(MATERIAL PROVIDED Opens)

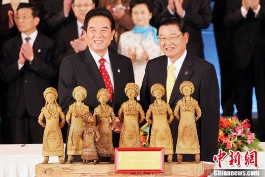 圖為協議簽署后,江丙坤向陳云林贈送的陶土雕塑“齊心傳唱和諧天籟”。該雕塑由著名藝術家張世蓉以臺東特有陶土雕塑,經高溫燒制而成,表現六位身著傳統慶典華服的排灣女子,齊心頌唱著兩岸和平、和諧之天籟美聲。中新社記者 黃少華 攝
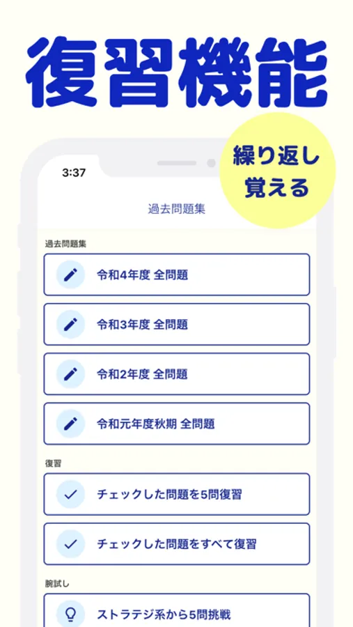 ・分からなかった過去問や難しかった問題は復習チェックをすることで、簡単にあとから復習もできます!
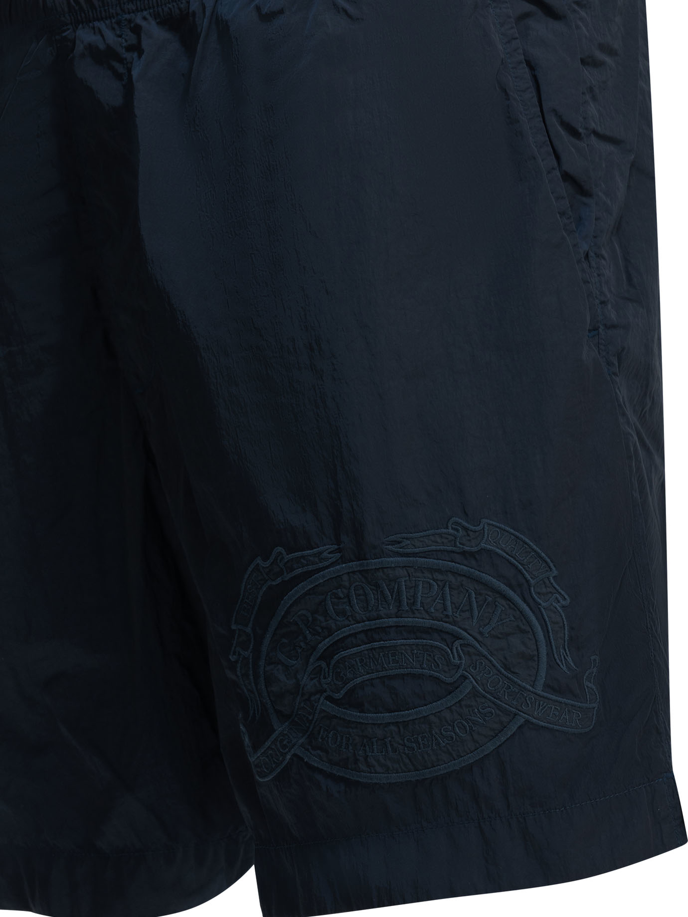 - "Eco-Chrome Embroidery" beach shorts
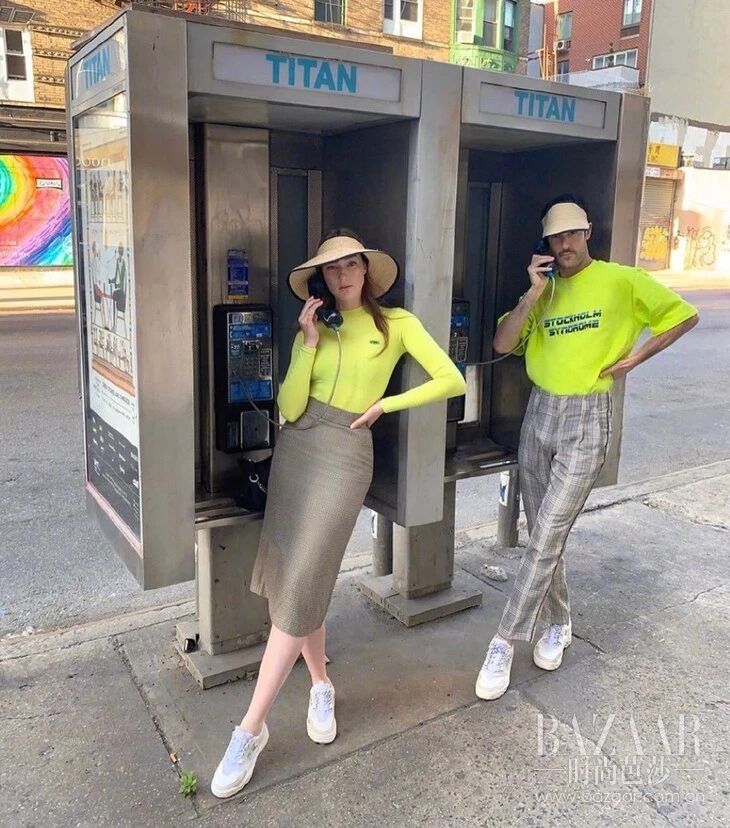法国情侣Nelson和Isabelle,选择今年热门的荧光绿,利用灰色的裤子和半裙很好的中和了荧光色带来的跳跃感,甚至连帽子这样的配饰细节都不放过,我怀疑他们两在共用衣橱!
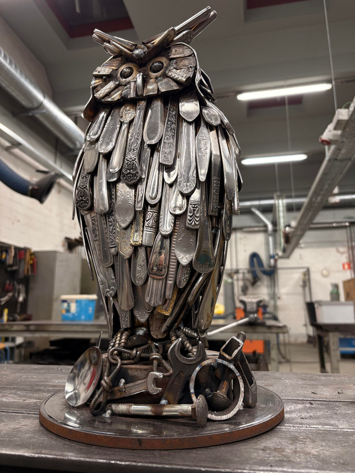 This owl is made from materials found in the workshop: cutlery and auto parts.

(MATERIAL PROVIDED Closes)

WHAT YOU SHOULD DO:
Skip the pictures. Please copy exactly the lines from the one with "法国情侣Nelson和Isa" through the final line of the material above, both ends included.

EXPECTED ANSWER:
法国情侣Nelson和Isabelle,选择今年热门的荧光绿,利用灰色的裤子和半裙很好的中和了荧光色带来的跳跃感,甚至连帽子这样的配饰细节都不放过,我怀疑他们两在共用衣橱!
 This owl is made from materials found in the workshop: cutlery and auto parts.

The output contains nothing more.